We live in this world of unreal patterns and real lives where inexplicable things happen all the time.
Overhead, I see two beams of pale light piercing the sky and reflecting at an angle. The towers of light remind us of an incident. Not a pattern. After over a decade of war, no one in authority will admit what we are fighting or why. All that ash and rubble, the twisted steel and the falling bodies, are not part of a pattern. But when a Muslim cabbie is stabbed by a sloppy drunk, that is a pattern.
Most of us see the real patterns, even if only hazily, like the beams of light cutting across the sky. And we see that the unreal patterns, the obsessions with Muslim backlashes and the martyrdom of Trayvon Martin, are unreal things. Not true patterns, but false patterns that reflect at an angle from the true light.
We do not speak of these true patterns. But we know them. They stir in us when the right moment appears. They keep us alive.
Millions walk through life with this double vision, the lenses of their minds blurring the real and the unreal, paying lip service to the grave threat that someone will spray paint a mosque while nervously studying the Muslim sitting in front of them on the trip out of Logan Airport or voting for Obama but moving out to the suburbs.

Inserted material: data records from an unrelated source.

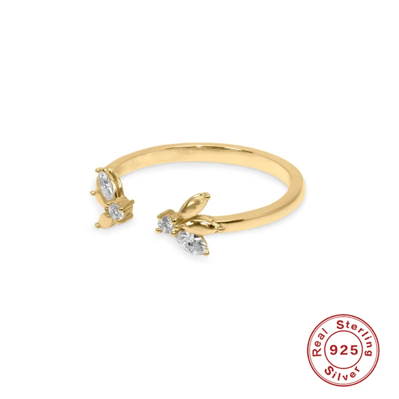 Женские кольца AIDE Mini Bee, обручальное кольцо из стерлингового серебра 925 пробы с открытым регулируемым пальцем, изысканное ювелирное изделие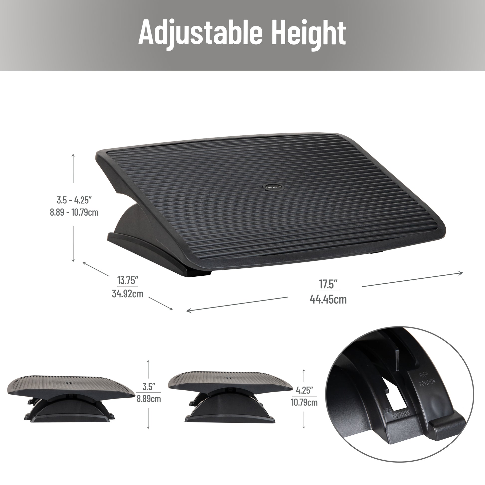 - Optimal dimensions: With measurements of 17.5 inches in length, 13.5 inches in width, and 3.5 inches in height (44.45 x 34.29 x 8.89 centimeters), this footrest provides ample surface area and is lightweight at 4 lbs (1.81 kgs)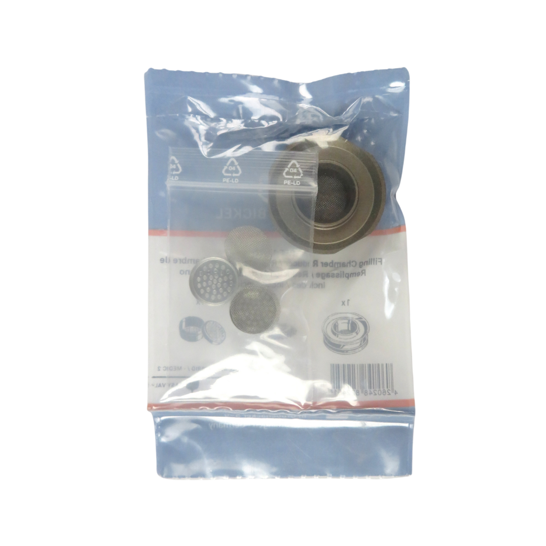 1 x Füllkammer ( 1 Stk. Deckering, 1 Stk. Normalsiebe Set 30mm, 1 Stk. Reinigungspinsel)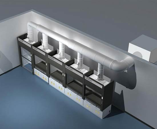 合理確定實驗室送、排風系統最大風量:實驗室排風系統排風機宜采取調頻控制,保持排風系統干管最遠點靜壓恒定。使排風機風量與系統排風量相一致。減少排風機耗電量,維持排風系統風管壓力恒定,提高排風管風量控制閥精度。同時,實驗室送風系統空調機組送風機也宜采取調頻控制,送風量應與實驗室排風系統排風量相一致。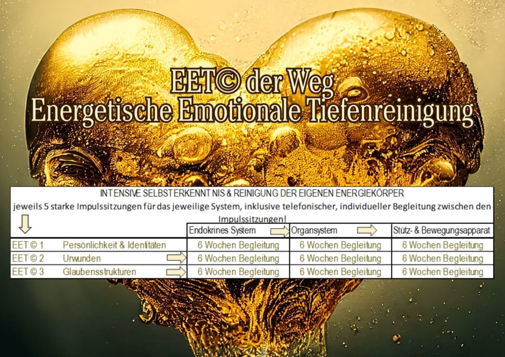 EET© wirkt dort, wo du mit herkömmlichen energetischen Werkzeugen nicht weiterkommst – auf der unbewussten Ebene, die dein Verstand oft ausblendet, verleugnet oder verdrängt hat. Es löst tief verborgene Blockaden und bringt dich über scheinbar unüberwindbare Hindernisse hinweg. Es öffnet die Grenzen von innen nach außen und hilft dir, deine eigenen Begrenzungen zu überwinden, sodass du dich frei entfalten und dein volles Kraftpotenzial, freie bedingungslose Verbindungen und berufliche Fähigkeiten in Liebe, Freude und Leichtigkeit leben kannst.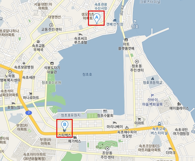 녹색 외관으로 알려진 스타벅스는 중앙시장 근처에 있었고 (지도상 A) 그 이후에 생긴 것으로 추정되는 DT점이 청초호 유원지 근처에 있다. (지도상 B) 나는 중앙시장 근처에 있는 스타벅스 속초중앙로점에 다녀왔다.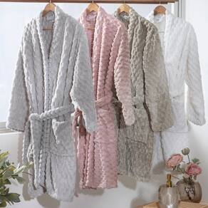 Sua estrutura é em formato de um desing 3D, o que o torna lindo e charmoso. Seu tecido plush Peluciado proporciona um toque incrivelmente macio, que acaricia a pele com delicadeza e aquece na medida certa. Confeccionado em 100% poliéster com gramatura de 280g/m², o roupão une leveza e isolamento térmico, garantindo praticidade e conforto ao mesmo tempo. O acabamento cuidadoso, aliado às cores discretas, traz sofisticação e charme a uma peça essencial para o inverno.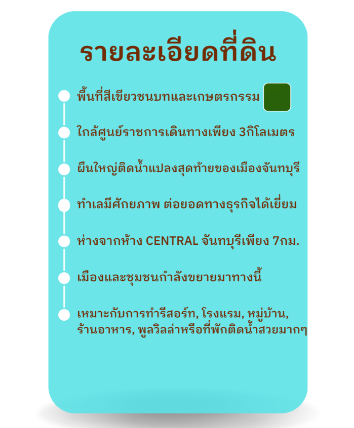 ทุกท่านคงทราบกันดีว่า... //"จันทบุรี คือ เมืองที่มั่งคั่งทุกฤดูกาล//"และมีชัยภูมิที่โดดเด่นทุกด้าน เป็นเมืองมีทรัพย์ในดินสินในน้ำอุดมสมบูรณ์ ไม่ว่าจะหน้าผลไม้ เช่นทุเรียน มังคุด หรือจะเป็นอัญมณีใต้ดินที่เพียบพร้อม แถมยังมีทะเลที่สวยงาม อากาศที่เย็นสบาย ที่ดินของเมืองจันทบุรี จึงมีราคาที่สูงมากๆ และ ยิ่งมากขึ้นไปอีก เมื่อมี Central มาลงเมื่อไม่นานมานี้ . . และแน่นอนว่า... ที่ดินที่สุดจะหายากที่สุดในเมืองจันก็คือ... //"ที่ดินติดแม่น้ำ//" ซึ่งหาได้ยากและมีราคาทั่วไป อยู่ที่ไร่ละ 6 - 15 ล้านไปแล้วในขณะนี้!! . . แต่ข่าวดีสำหรับท่านที่สนใจจริงๆ!! เราแบ่งขายที่ดินติดแม่น้ำจันทบุรี (โฉนด) วิวภูเขา กลางเมือง จันทบุรี ขนาดที่ดินแปลงละ 9ไร่ 10.2 ตรว. ขายไร่ละ 3.2 ล้าน (จำกัด 2 แปลงเท่านั้น!) . . ✅ รับชมที่ดินแบบ 360 องศา : https://www.thebangkokestate.com/chanthaburi-riverside-agc1 . . ✅ จุดเด่น - ติดแม่น้ำ วิวภูเขา กลางเมืองจันทบุรี - ทิศเหนือติดแม่น้ำ 55 เมตร ลึก 265 เมตร - มีไฟฟ้า 3 เฟส พร้อมน้ำประปาหน้าที่ดิน - ใกล้ Central , Robinson , Big C , เพียง 10 นาที - ทิศใต้ติดถนนสาธารณะ - ถนนคอนกรีตกว้าง 12 เมตร - อยู่ในละแวกชุมชนและเข้าออกได้หลายทาง - ที่ดินถมแล้ว มีไฟฟ้า พร้อม้ำประปา หน้าที่ดิน - โรงเรียน สถานที่ราชการสำคัญเพียง 5 นาที - อยู่ในละแวกชุมชนและเข้าออกได้หลายทาง - ใกล้ เซ็นทรัล โรบินสัน บิ๊กซี จันทบุรี เพียง 10 นาที - การเดินทางสะดวก เข้าออกได้หลายทาง อยู่ไม่ไกลจากตัวเมือง ขับรถเพียง 5 นาที . . ✅ เหมาะสำหรับ - เก็งกำไร - ปลูกบ้านพักอาศัย - ปลูกบ้านพักตากอากาศ - โรงแรม รีสอร์ท พูลวิลล่า - ลงทุนอสังหาริมทรัพย์ . . #ขอย้ำอีกทีนะครับว่า... ที่ดินที่สุดจะหายากที่สุดในเมืองจันก็คือ... //"ที่ดินติดแม่น้ำ//" ซึ่งหาได้ยากและมีราคาทั่วไป อยู่ที่ไร่ละ 6 - 15 ล้านไปแล้วในขณะนี้!! . แต่ข่าวดีสำหรับท่านที่สนใจจริงๆ!! เราแบ่งขายที่ดินติดแม่น้ำจันทบุรี (โฉนด) วิวภูเขา กลางเมือง จันทบุรี ขนาดที่ดินแปลงละ 9ไร่เศษ ขายไร่ละ 3.2 ล้าน (จำกัด 2 แปลงเท่านั้น!) . . ✅ สำหรับนายหน้าหรือนักลงทุนท่านใด ที่สนใจ! รับนายหน้า 3% ☎️ สอบถามข้อมูลได้ที่ : คลิกเพื่อดูเบอร์โทรติดต่อ (คุณอาร์ต) ☎️ ไลน์ : https://line.me/ti/p/sLUP_jnVN3 . . ✅ รับชมที่ดินแบบ 360 องศา : https://www.thebangkokestate.com/chanthaburi-riverside . แผนที่ : 📌 https://goo.gl/maps/pwhvJNVyn5u6fSR36

Those who fail to develop that double vision, who mistake the false patterns for the true patterns, often come to bad ends because they are unequipped to recognize danger when they see it. They see incidents where they should see patterns and patterns where they should see incidents. And finally one of those invisible patterns that they can’t see swallows them whole.
We deal with problems as incidents or patterns. An incident is resolved once, but a problem requires a more enduring answer.

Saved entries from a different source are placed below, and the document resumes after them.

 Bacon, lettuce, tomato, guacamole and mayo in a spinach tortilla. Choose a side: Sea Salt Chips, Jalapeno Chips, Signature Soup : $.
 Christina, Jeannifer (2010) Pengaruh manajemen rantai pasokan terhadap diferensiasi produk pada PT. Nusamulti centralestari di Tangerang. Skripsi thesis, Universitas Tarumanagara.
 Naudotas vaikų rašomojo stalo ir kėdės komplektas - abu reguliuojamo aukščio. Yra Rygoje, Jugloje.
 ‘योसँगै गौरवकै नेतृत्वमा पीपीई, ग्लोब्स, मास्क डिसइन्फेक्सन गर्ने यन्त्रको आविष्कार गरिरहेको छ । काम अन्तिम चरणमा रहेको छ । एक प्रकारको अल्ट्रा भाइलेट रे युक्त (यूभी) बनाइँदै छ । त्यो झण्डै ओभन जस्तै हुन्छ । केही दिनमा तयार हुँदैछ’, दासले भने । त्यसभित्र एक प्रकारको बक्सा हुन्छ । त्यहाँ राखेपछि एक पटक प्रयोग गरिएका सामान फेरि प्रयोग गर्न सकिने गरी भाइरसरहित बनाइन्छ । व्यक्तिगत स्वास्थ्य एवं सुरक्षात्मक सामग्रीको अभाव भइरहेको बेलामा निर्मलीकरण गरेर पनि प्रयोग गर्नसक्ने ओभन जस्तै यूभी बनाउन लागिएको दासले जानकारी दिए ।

Patterns are power. The pattern-makers and pattern-dealers derive theirs from being able to dictate the problem and the solution. They are determined to educate us, to explain us to ourselves, to understand things for us, and explain them to us so that we will see the same patterns that they do. They know all too well that if we stop seeing their patterns, their cause and their power will die.
For now it is men like Jeffrey Babbitt or the spectators in the Boston Marathon and the soldiers at Fort Hood who die. They die caught in an invisible pattern that they cannot see. The pattern is no great mystery. It can be seen by anyone with their eyes open. It does not need to be manufactured or spun. It is simply common sense.
Meanwhile their governments attend to false patterns, chase moderates, and promote democracy in the Middle East. In the Ivy League or any European NGO these patterns seem very real. But the patterns are manufactured to promote ideas about who should run things. The patterns themselves do not run things. They cannot change reality, only our perceptions of it.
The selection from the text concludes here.